● **What is required**
Leave the pictures out and restate each entry below word for word.

● **Data listing**

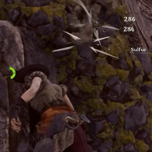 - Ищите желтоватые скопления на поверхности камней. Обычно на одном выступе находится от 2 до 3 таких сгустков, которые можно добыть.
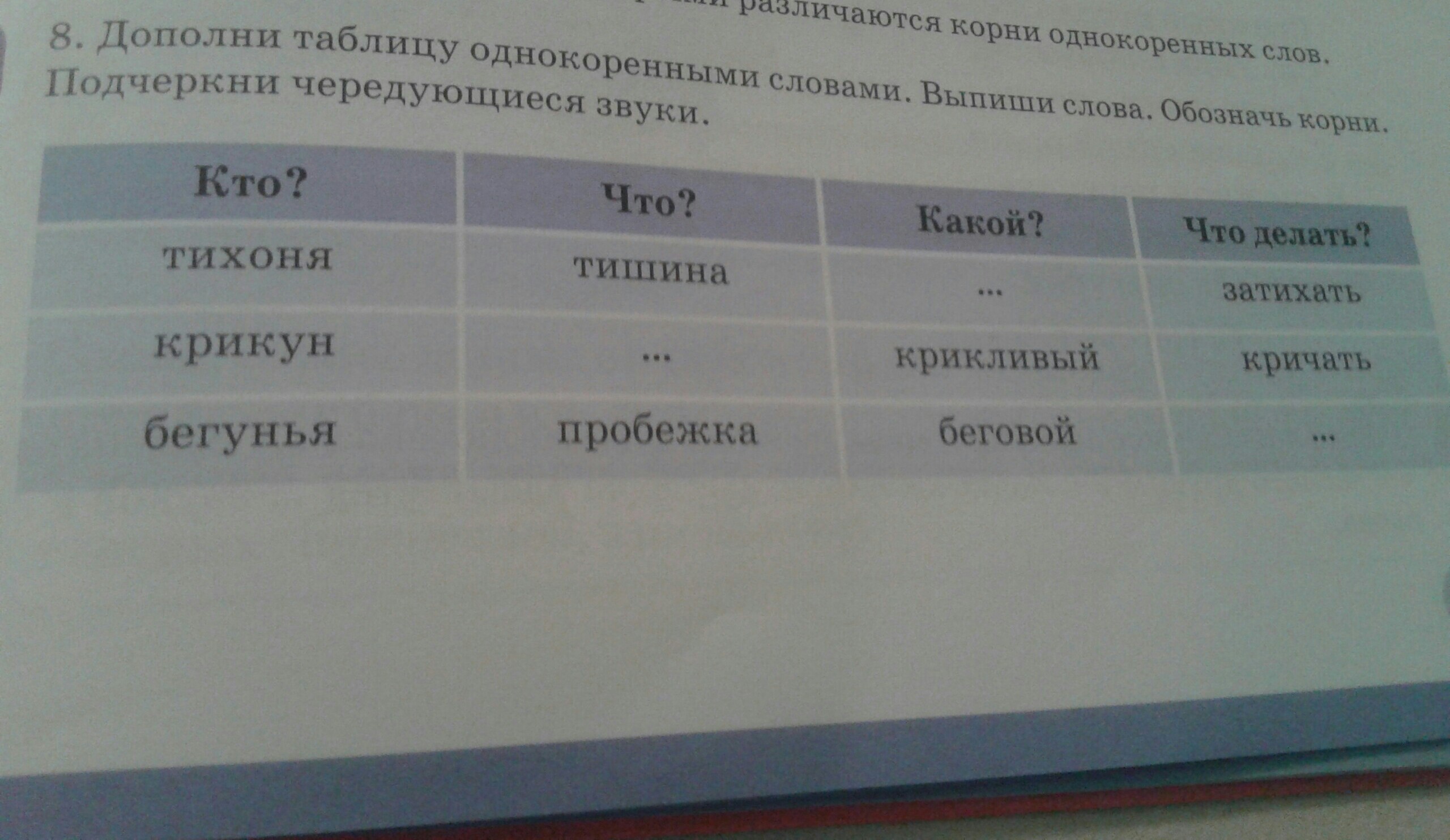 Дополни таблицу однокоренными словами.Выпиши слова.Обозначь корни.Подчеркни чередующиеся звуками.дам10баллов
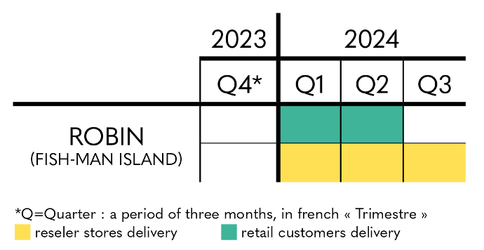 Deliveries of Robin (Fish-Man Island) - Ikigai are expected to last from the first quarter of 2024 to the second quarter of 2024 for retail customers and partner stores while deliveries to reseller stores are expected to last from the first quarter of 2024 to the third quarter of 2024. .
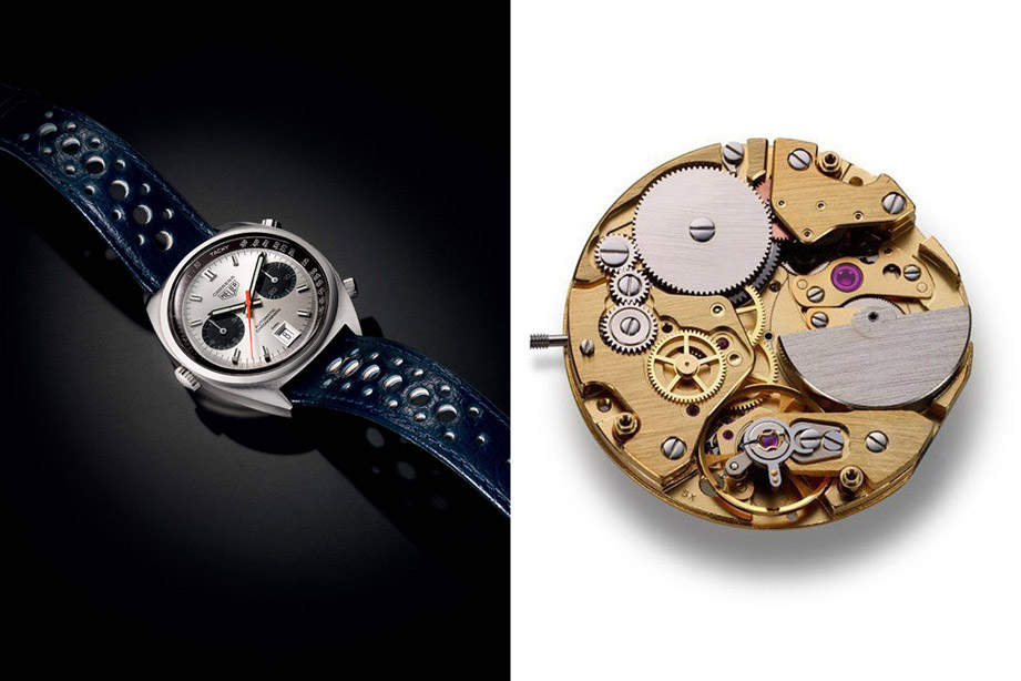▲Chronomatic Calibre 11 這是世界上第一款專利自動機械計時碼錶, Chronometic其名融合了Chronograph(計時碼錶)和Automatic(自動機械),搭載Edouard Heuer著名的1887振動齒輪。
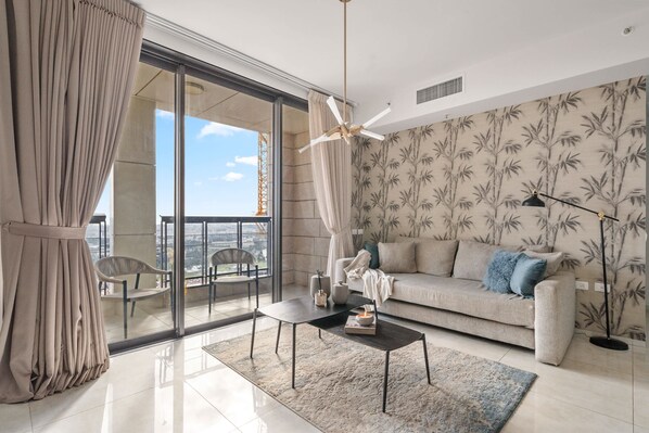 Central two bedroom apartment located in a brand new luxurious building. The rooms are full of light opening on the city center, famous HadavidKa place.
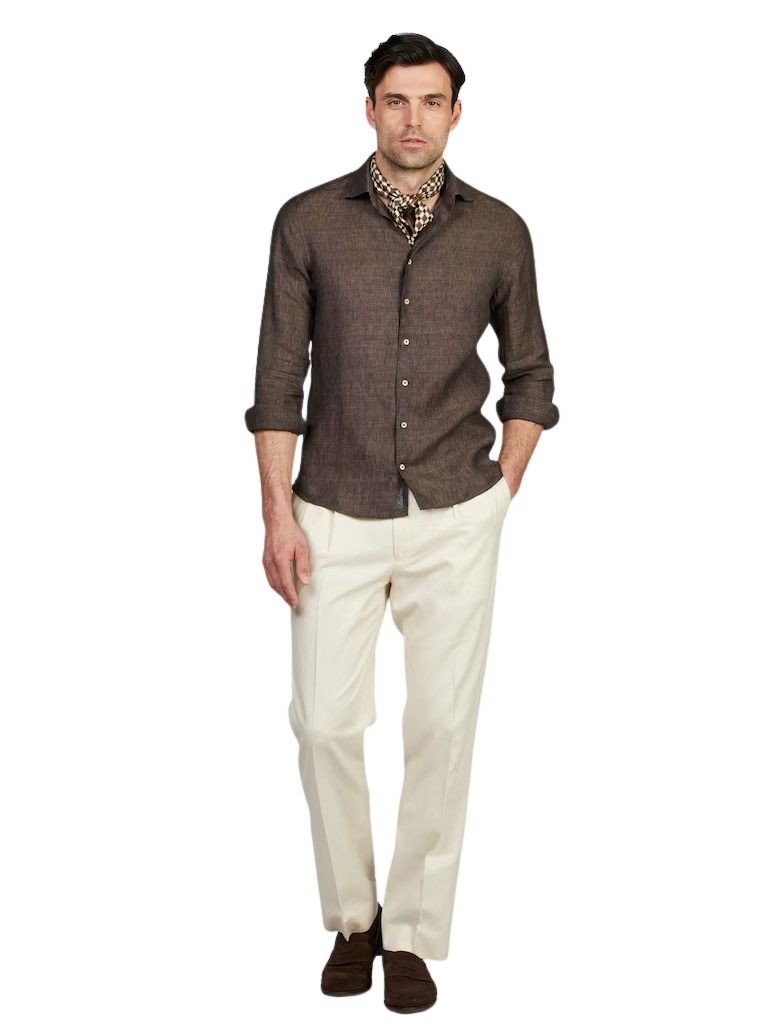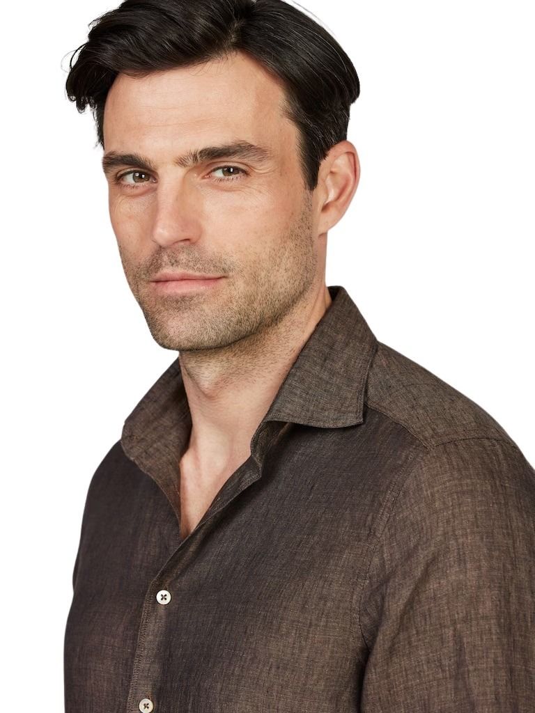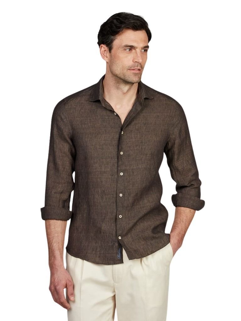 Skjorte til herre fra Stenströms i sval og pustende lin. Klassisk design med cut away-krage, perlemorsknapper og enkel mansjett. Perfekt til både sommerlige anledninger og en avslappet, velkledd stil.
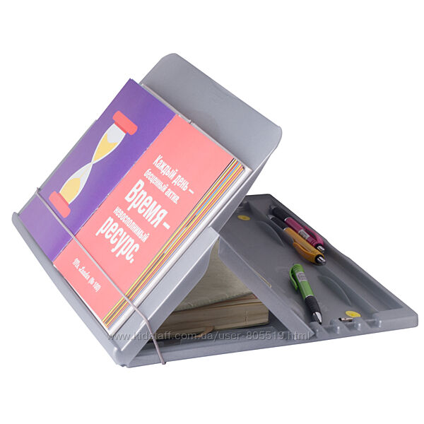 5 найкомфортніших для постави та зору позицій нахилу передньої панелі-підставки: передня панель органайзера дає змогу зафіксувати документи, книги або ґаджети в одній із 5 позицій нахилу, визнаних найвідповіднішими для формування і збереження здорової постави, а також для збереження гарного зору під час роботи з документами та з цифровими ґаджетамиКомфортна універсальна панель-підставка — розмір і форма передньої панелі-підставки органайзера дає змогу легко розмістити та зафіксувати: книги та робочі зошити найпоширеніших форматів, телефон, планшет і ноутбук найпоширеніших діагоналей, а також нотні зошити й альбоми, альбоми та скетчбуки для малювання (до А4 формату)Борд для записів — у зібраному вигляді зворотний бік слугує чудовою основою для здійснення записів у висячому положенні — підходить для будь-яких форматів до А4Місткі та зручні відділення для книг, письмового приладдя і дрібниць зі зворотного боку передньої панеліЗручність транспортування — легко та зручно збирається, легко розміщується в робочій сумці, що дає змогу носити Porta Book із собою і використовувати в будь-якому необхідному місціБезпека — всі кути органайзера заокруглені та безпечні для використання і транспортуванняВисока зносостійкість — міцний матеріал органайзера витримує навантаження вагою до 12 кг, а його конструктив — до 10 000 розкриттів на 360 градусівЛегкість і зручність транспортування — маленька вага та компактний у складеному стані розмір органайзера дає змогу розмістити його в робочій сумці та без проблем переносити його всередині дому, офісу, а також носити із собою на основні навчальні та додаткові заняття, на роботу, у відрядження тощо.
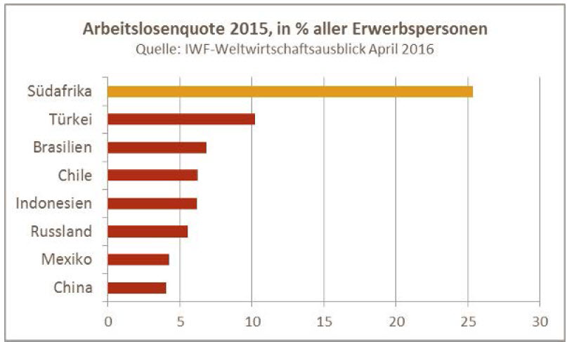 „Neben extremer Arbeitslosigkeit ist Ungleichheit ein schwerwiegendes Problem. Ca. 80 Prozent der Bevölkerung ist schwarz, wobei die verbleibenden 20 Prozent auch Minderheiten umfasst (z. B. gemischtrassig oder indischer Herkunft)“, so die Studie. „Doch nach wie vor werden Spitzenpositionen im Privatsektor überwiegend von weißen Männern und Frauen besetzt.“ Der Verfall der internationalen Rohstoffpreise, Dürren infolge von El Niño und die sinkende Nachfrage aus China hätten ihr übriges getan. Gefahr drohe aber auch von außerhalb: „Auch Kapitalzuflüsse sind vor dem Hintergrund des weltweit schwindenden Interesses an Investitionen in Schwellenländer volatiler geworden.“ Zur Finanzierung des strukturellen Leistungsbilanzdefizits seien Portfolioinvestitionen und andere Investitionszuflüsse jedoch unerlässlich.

● **Your solution**
 - Ищите желтоватые скопления на поверхности камней. Обычно на одном выступе находится от 2 до 3 таких сгустков, которые можно добыть.
 Дополни таблицу однокоренными словами.Выпиши слова.Обозначь корни.Подчеркни чередующиеся звуками.дам10баллов
 Deliveries of Robin (Fish-Man Island) - Ikigai are expected to last from the first quarter of 2024 to the second quarter of 2024 for retail customers and partner stores while deliveries to reseller stores are expected to last from the first quarter of 2024 to the third quarter of 2024. .
▲Chronomatic Calibre 11 這是世界上第一款專利自動機械計時碼錶, Chronometic其名融合了Chronograph(計時碼錶)和Automatic(自動機械),搭載Edouard Heuer著名的1887振動齒輪。
 Central two bedroom apartment located in a brand new luxurious building. The rooms are full of light opening on the city center, famous HadavidKa place.
 Skjorte til herre fra Stenströms i sval og pustende lin. Klassisk design med cut away-krage, perlemorsknapper og enkel mansjett. Perfekt til både sommerlige anledninger og en avslappet, velkledd stil.
 5 найкомфортніших для постави та зору позицій нахилу передньої панелі-підставки: передня панель органайзера дає змогу зафіксувати документи, книги або ґаджети в одній із 5 позицій нахилу, визнаних найвідповіднішими для формування і збереження здорової постави, а також для збереження гарного зору під час роботи з документами та з цифровими ґаджетамиКомфортна універсальна панель-підставка — розмір і форма передньої панелі-підставки органайзера дає змогу легко розмістити та зафіксувати: книги та робочі зошити найпоширеніших форматів, телефон, планшет і ноутбук найпоширеніших діагоналей, а також нотні зошити й альбоми, альбоми та скетчбуки для малювання (до А4 формату)Борд для записів — у зібраному вигляді зворотний бік слугує чудовою основою для здійснення записів у висячому положенні — підходить для будь-яких форматів до А4Місткі та зручні відділення для книг, письмового приладдя і дрібниць зі зворотного боку передньої панеліЗручність транспортування — легко та зручно збирається, легко розміщується в робочій сумці, що дає змогу носити Porta Book із собою і використовувати в будь-якому необхідному місціБезпека — всі кути органайзера заокруглені та безпечні для використання і транспортуванняВисока зносостійкість — міцний матеріал органайзера витримує навантаження вагою до 12 кг, а його конструктив — до 10 000 розкриттів на 360 градусівЛегкість і зручність транспортування — маленька вага та компактний у складеному стані розмір органайзера дає змогу розмістити його в робочій сумці та без проблем переносити його всередині дому, офісу, а також носити із собою на основні навчальні та додаткові заняття, на роботу, у відрядження тощо.
 „Neben extremer Arbeitslosigkeit ist Ungleichheit ein schwerwiegendes Problem. Ca. 80 Prozent der Bevölkerung ist schwarz, wobei die verbleibenden 20 Prozent auch Minderheiten umfasst (z. B. gemischtrassig oder indischer Herkunft)“, so die Studie. „Doch nach wie vor werden Spitzenpositionen im Privatsektor überwiegend von weißen Männern und Frauen besetzt.“ Der Verfall der internationalen Rohstoffpreise, Dürren infolge von El Niño und die sinkende Nachfrage aus China hätten ihr übriges getan. Gefahr drohe aber auch von außerhalb: „Auch Kapitalzuflüsse sind vor dem Hintergrund des weltweit schwindenden Interesses an Investitionen in Schwellenländer volatiler geworden.“ Zur Finanzierung des strukturellen Leistungsbilanzdefizits seien Portfolioinvestitionen und andere Investitionszuflüsse jedoch unerlässlich.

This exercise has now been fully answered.